The Bamboo Cradle
- Author: Avraham Schwartzbaum
- Genre: Biography
- Publisher: Feldheim Publishers
- Publication date: 1988

= The Bamboo Cradle =

1988 biographical story

The Bamboo Cradle is a biographical story written by Avraham Schwartzbaum about his adopted Taiwanese daughter Devorah, who converted to Judaism at age four.

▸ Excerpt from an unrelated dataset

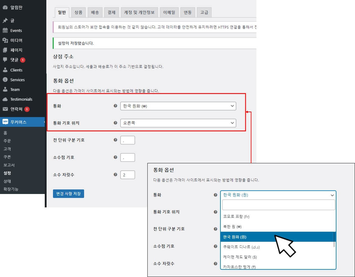 우커머스>설정>일반 에서 설정한 통화가 바뀌었는지 확인합니다.

First published in 1988 by Feldheim Publishers, the inspirational story tracks the story of Allen/Avraham and Barbara/Rachel Schwartzbaum as they become more devout Jews after adopting a foundling in a Taiwan train station. The book was translated by Ruth Feldheim into Hebrew as "מסין לסיני: עריסת הבמבוק" (From China to Sinai: The Bamboo Cradle) and published the same year. It was also translated into French by Daniel Halevy and published in 1990 under the title "Le Berceau de Bambou".

==Synopsis==
Allan Schwartzbaum tells the story of his time spent in Taiwan as a visiting professor from the United States on a Fulbright Scholarship teaching sociology. After nine years of marriage, he and his wife did not have children, despite wanting and trying to conceive. One day, on his way to work, he finds an abandoned baby girl in a train station and brings her to the station manager. He and his wife regret giving her to the station manager, and decide to find her in order to adopt her. They find her in the possession of a baby-selling ring masquerading as an orphanage and are eventually able to adopt her. After several more months, they return to the United States. In the US they research how to convert their new daughter. During their research they discover Judaism as a more meaningful lifestyle than they had realized before. Because of their adopted daughter, they traveled on a journey to becoming seriously observant, bringing up Devorah according to the strict laws of Judaism, and even eventually conceiving biological children.